*What is needed*: The listing below should be written out word for word, with its pictures removed.

*Information provided*:
• • • •

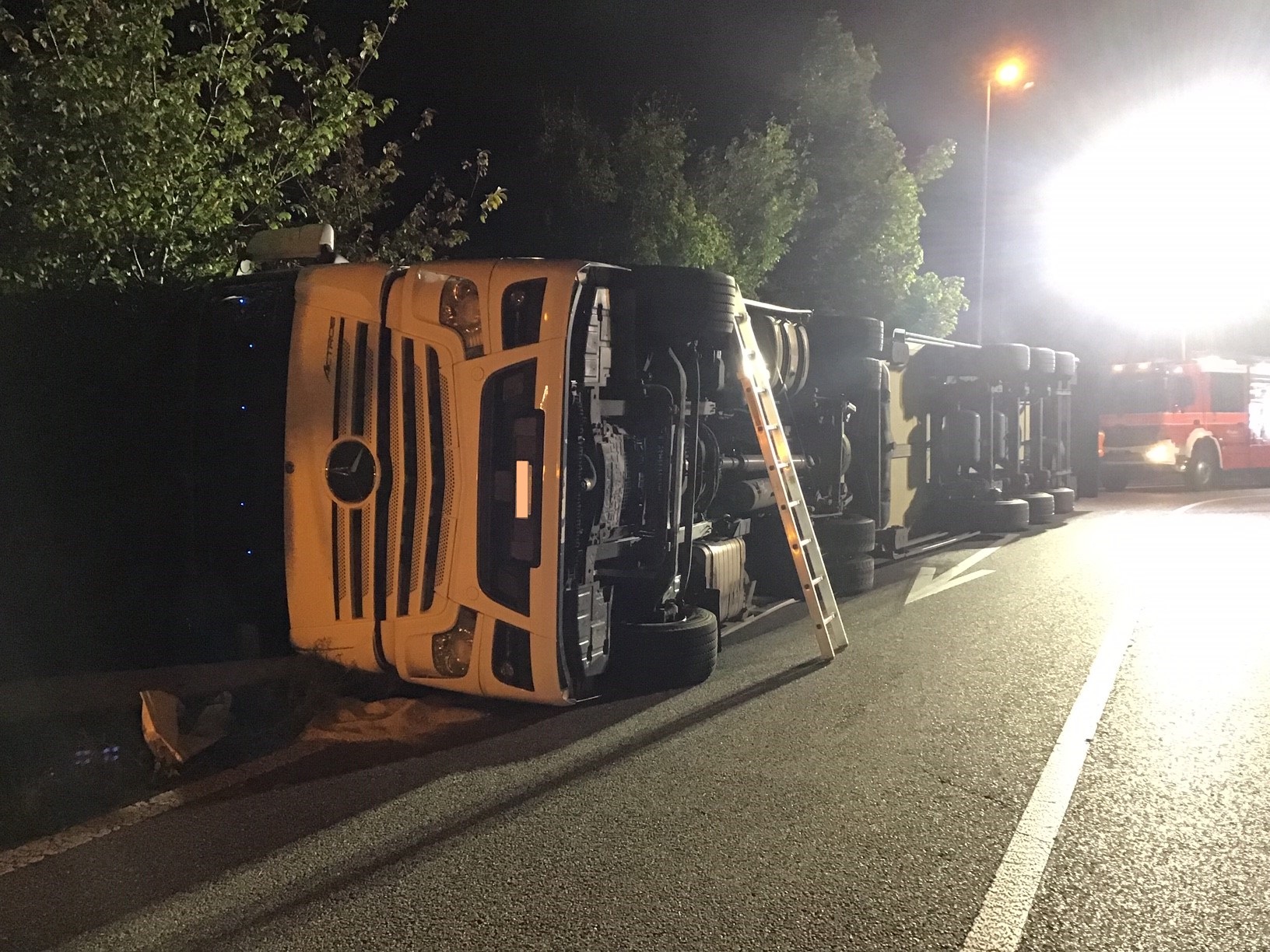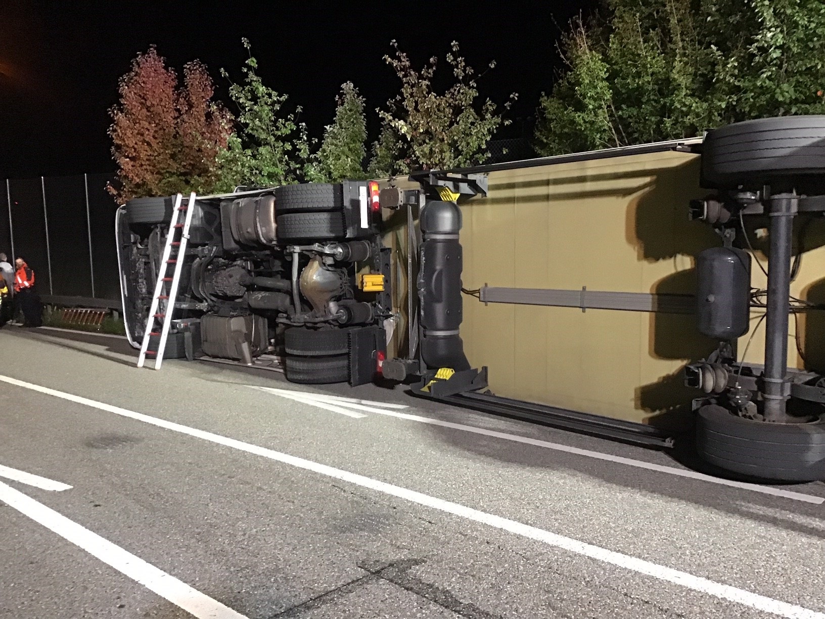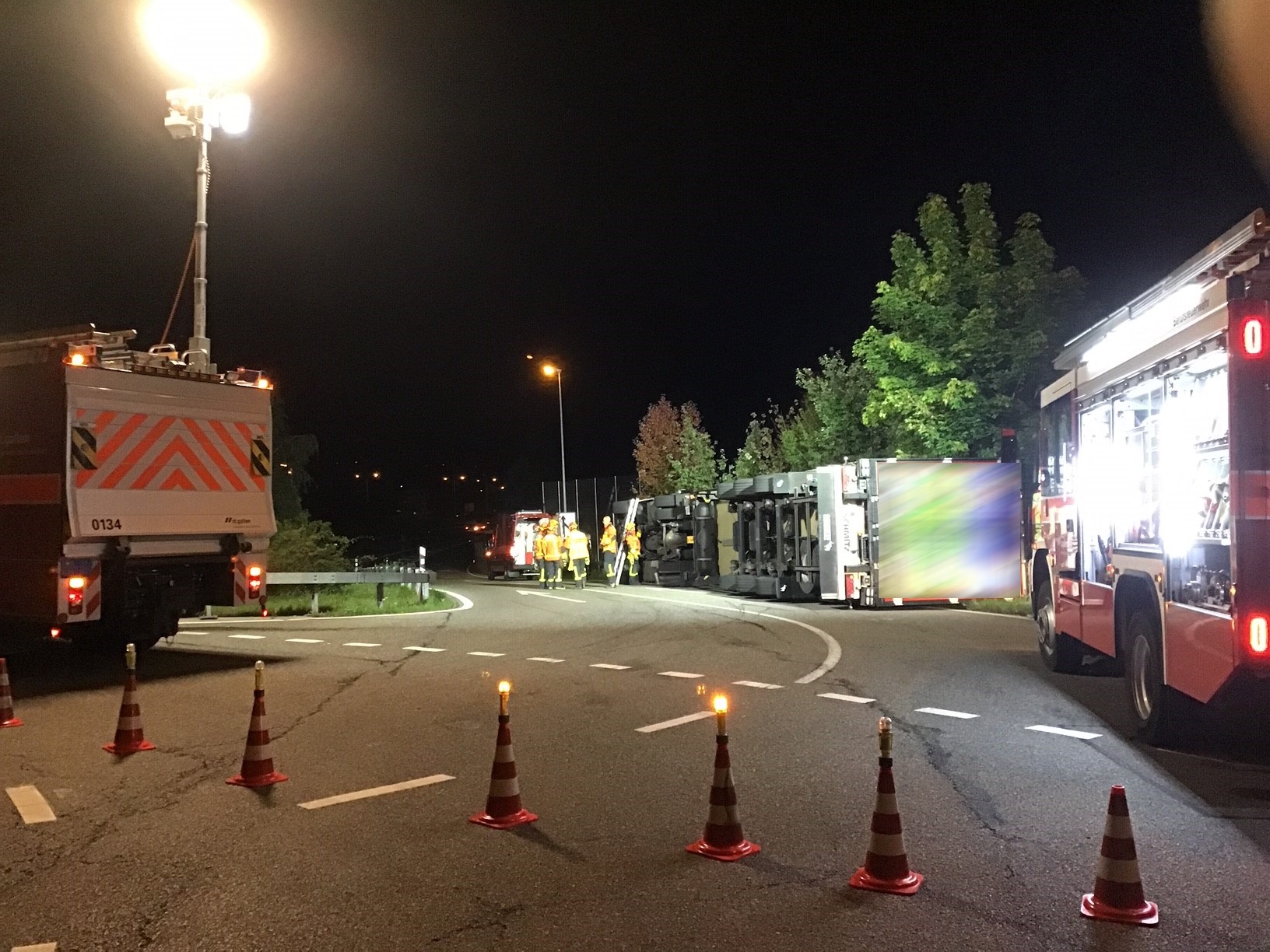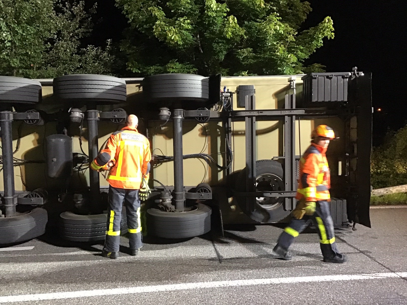 Am frühen Mittwochmorgen (04.09.2019) kippte auf der Autobahneinfahrt Winkeln, auf Höhe der Einfahrt des Kybun Parks in Richtung Zürich, ein mit hängendem Fleisch beladener Sattelschlepper um. Beim Eintreffen der Feuerwehr befand sich der 42-jährige Fahrer noch in der Führerkabine und wurde von der Feuerwehr umgehend befreit. Des Weiteren beleuchtete die Feuerwehr den Schadenplatz und unterstützte das Spezialunternehmen bei der Bergung des Fahrzeugs. Eine Kontanimation der Umwelt durch das beim Unfall ausgelaufene Öl wurde mittels Bindemittel und einem Ölbindetuch verhindert.
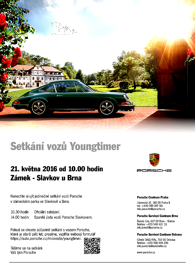 Na první ročník setkání Youngtimer na Zámku Slavkov u Brna se registrujte prostřednictvím on-line formuláře na: https://auto.porsche.cz/microsite/youngtimer/.
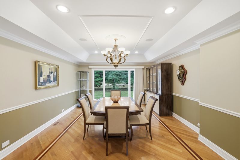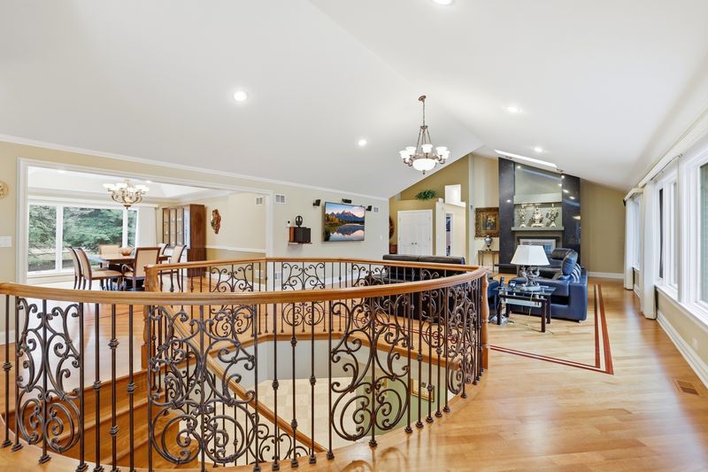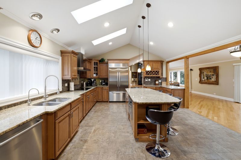 Custom brick home on a private, wooded 1-acre lot featuring 6 bedrooms plus an office and 4.5 baths with 4,000 sq ft of living space. Hardwood floors throughout, vaulted ceilings, and a granite fireplace. Spacious kitchen with large island and 42" cabinets. Oversized primary suite with generous closet space. Finished 2,000 sq ft basement includes 2 bedrooms, large bath with sauna, and additional living space. New roof with 9 skylights (May 2025). Located in the highly desirable Stevenson High School District and close to shopping, restaurants, and schools.
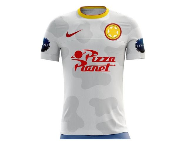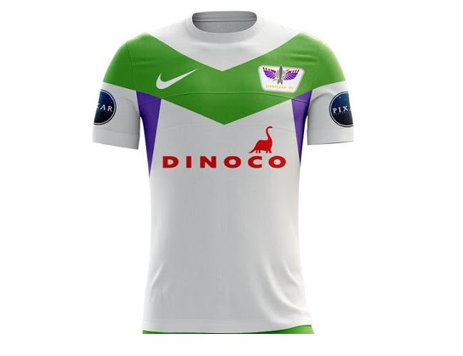 Buscando a Nemo y Toy Story son algunas de las exitosas películas creadas por Pixar, actualmente filial de The Walt Disney Company. Al diseñador Martin Turner no se le ocurrió mejor idea que trasladar a dos personajes de cada una, Nemo y Dory por un lado y Buzz y Woody por el otro, para idear clubes de fútbol y sus imaginarias camisetas.

• • • •

*Response for this exercise*:
 Am frühen Mittwochmorgen (04.09.2019) kippte auf der Autobahneinfahrt Winkeln, auf Höhe der Einfahrt des Kybun Parks in Richtung Zürich, ein mit hängendem Fleisch beladener Sattelschlepper um. Beim Eintreffen der Feuerwehr befand sich der 42-jährige Fahrer noch in der Führerkabine und wurde von der Feuerwehr umgehend befreit. Des Weiteren beleuchtete die Feuerwehr den Schadenplatz und unterstützte das Spezialunternehmen bei der Bergung des Fahrzeugs. Eine Kontanimation der Umwelt durch das beim Unfall ausgelaufene Öl wurde mittels Bindemittel und einem Ölbindetuch verhindert.
 Na první ročník setkání Youngtimer na Zámku Slavkov u Brna se registrujte prostřednictvím on-line formuláře na: https://auto.porsche.cz/microsite/youngtimer/.
 Custom brick home on a private, wooded 1-acre lot featuring 6 bedrooms plus an office and 4.5 baths with 4,000 sq ft of living space. Hardwood floors throughout, vaulted ceilings, and a granite fireplace. Spacious kitchen with large island and 42" cabinets. Oversized primary suite with generous closet space. Finished 2,000 sq ft basement includes 2 bedrooms, large bath with sauna, and additional living space. New roof with 9 skylights (May 2025). Located in the highly desirable Stevenson High School District and close to shopping, restaurants, and schools.
 Buscando a Nemo y Toy Story son algunas de las exitosas películas creadas por Pixar, actualmente filial de The Walt Disney Company. Al diseñador Martin Turner no se le ocurrió mejor idea que trasladar a dos personajes de cada una, Nemo y Dory por un lado y Buzz y Woody por el otro, para idear clubes de fútbol y sus imaginarias camisetas.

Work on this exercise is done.